Mervyn's immense contribution to the field and beyond was recognised with the distinguished award of honorary degrees: Doctor of Laws, LLD (WITS, 1992), DChD (UP, 1999), FCD (CMSA, 1999) and FCPath (CMSA, 2004). He began lecturing at WITS in 1955 and was Head of Department from 1968 to 1986. He enjoyed being Visiting Professor at the University of Illinois, Royal Dental College, Copenhagen and the University of Adelaide. Before being appointed Extraordinary Professor at UWC in 1993, Professor Shear was the Deputy Vice Chancellor at WITS (1983 -1990), Chair of the Eastern Seaboard Association Tertiary Institutions, Kwazulu-Natal, and member of the Council of the Universities of Durban-Westville and Lesotho.

Mervyn was a great pathologist, educator, writer, colleague and friend to many. He was kind, always having students' interests at heart. He was fondly known as "the cyst man" and will always be remembered as the foremost authority on cysts of the oral region, via his pioneering, seminal and indispensable text "Cysts of the Oral and Maxillofacial Regions", the fourth edition of which was published in 2007. He also co-authored the first two WHO editions of "Histological Typing of Odontogenic Tumours", and had more than 115 scientific publications.

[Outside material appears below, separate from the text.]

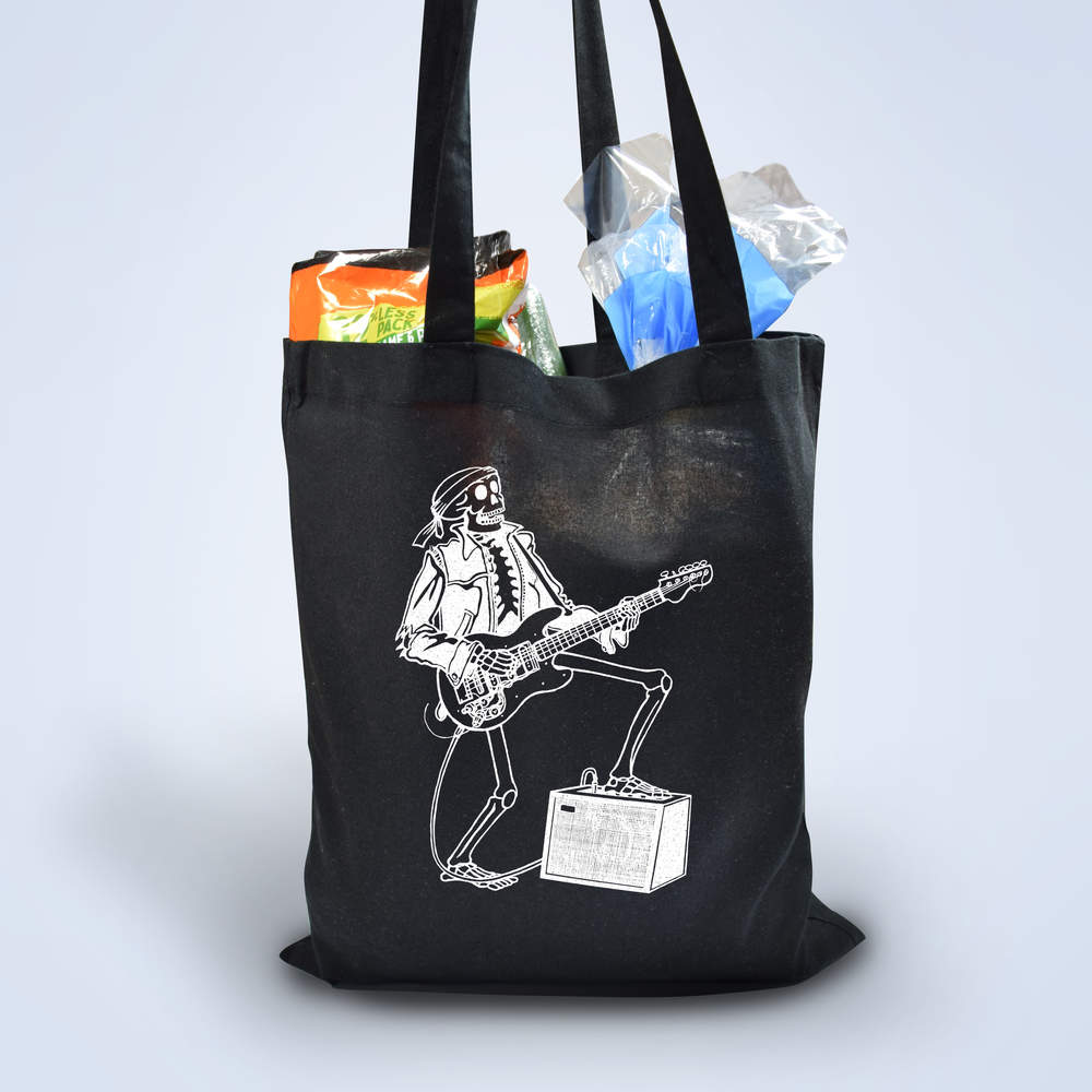 'Skeleton Playing Guitar' Classic Black Tote Shopper Bag (ZB00010017)

I first met Professor Shear in Cape Town in 1993, when he took me under his wing as a young dentist. We jointly presented a paper on "The histogenesis of the Complex Odontome" at the IADR. I had the privilege of getting to know him and to enjoy his exceptional knowledge, passion, unbounded enthusiasm, insight and support. He remained a great colleague, mentor and friend. It was Prof Shear who prompted the uprooting of my family to Johannesburg to enable my training as an Oral Pathologist with none other than Professor Mario Altini at WITS.

As many may know, Prof Shear and his late wife Dr Caryll Frances Posel were proud members of the ANC. He was a great liberal, a brave political activist and forward thinker, and is often remembered as being a little mischievous. There are many stories about his being a thorn in the side of the apartheid government. He would often gather his staff to protest on the WITS lawns during those turbulent anti-apartheid demonstrations, with much resistance from many. It has been said that during one period of unrest, whilst police helicopters were buzzing over the campus, Mervyn had the students place chairs on the lawn in an arrangement which from an aerial view formed the outline of a not-so-kosher profanity.

Mervyn enjoyed life as he did his profession, spending his days listening to classical music, reading, swimming and walking. He loved entertaining friends and colleagues, and even Nelson Mandela at his home in Simonstown, impressing his guests with exquisite cuisine and a phenomenal collection of African and International art and art history.

One surely cannot be an oral pathologist without knowing Mervyn Shear, a remarkable oral pathologist and man. Professor Shear you will be dearly missed. I am sure that many of you will join me in bidding a fond farewell to such a great colleague. His essence will surely live on through his great contribution to Oral Pathology, in particular, and the kind and thoughtful person that he was.

Our condolences go to his son, Dr Keith Shear in Birmingham.

Thank you, Professor Shear. Hamba Kahle.